Don’t get me wrong; some messes are wonderful. It’s not about living in a Pottery Barn ad! I love the way my table looks when I’ve been painting, with paper and brushes and watercolors and a muddy glass of water from rinsing blues and reds and yellows from my brushes. But when I’m finished and I put them away, it clears space for my next creative project.

Watercolor brushes

So the messes left over from fun, creative moments are beautiful in their own way. But the mess left over from putting everything else in my life ahead of my own body and spirit, not so much.

Go easy on yourself.

Because of the emotional weight of clutter, it can be very difficult to face and tackle on your own. If you let go of shame and embarrassment, treat yourself with compassion (really, you’re not the only person on the Earth with clutter), and nurture yourself by getting the support you need, you can de-clutter and open up the parts of your life you’ve been neglecting.

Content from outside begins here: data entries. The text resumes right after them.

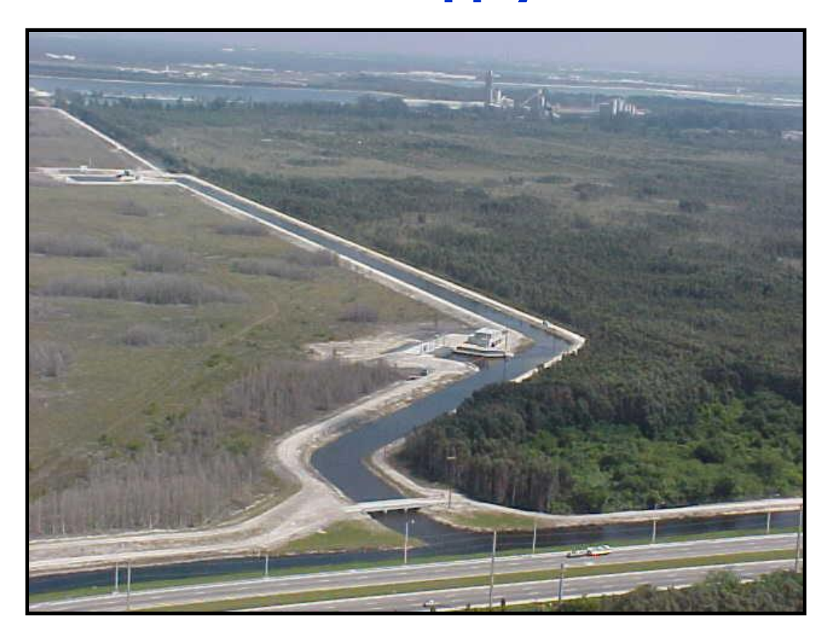
The supply canal links the Emergency Detention Basin and the C-4 Canal.
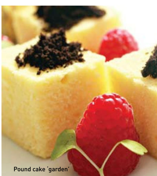
Pound cake 'garden'
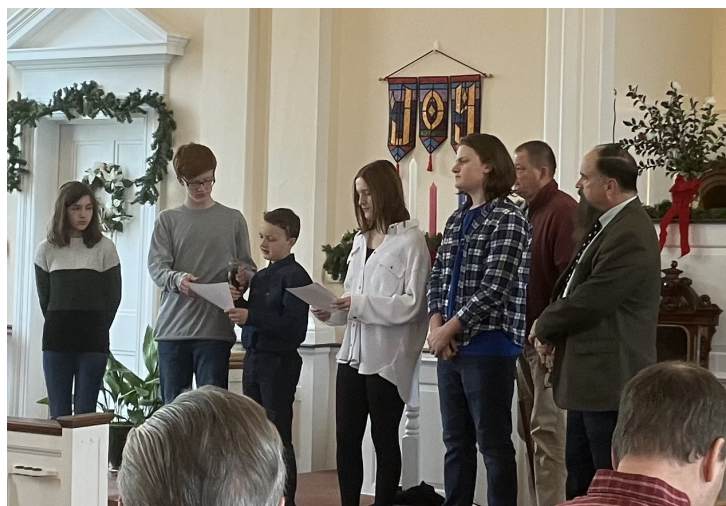
Advent Week 3: The Discipleship Class
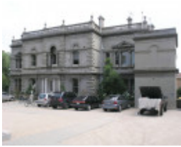
EILDON SOHE 2008

I hired a professional organizer to help me, and it’s made a world of difference. She comes once a week and helps me see through the chaos. My office and my workout room are taking shape back into usable space. It’s a process, one that I’ll be in for another month or so, but I see the light beneath the piles, so-to-speak.

Although going through my clothes, books, papers, and mementos is difficult—I’m facing lost dreams, evaluating what gives me joy and what feels like a burden, and learning to let go of what no longer serves me—I know it’s a spiritual process as much as a physical one. I know I need to do it, and the vision of how my living space—and my life—will feel when its done keeps me motivated.

How would discarding things you no longer want or need improve the space you live in?

How would that support your creativity?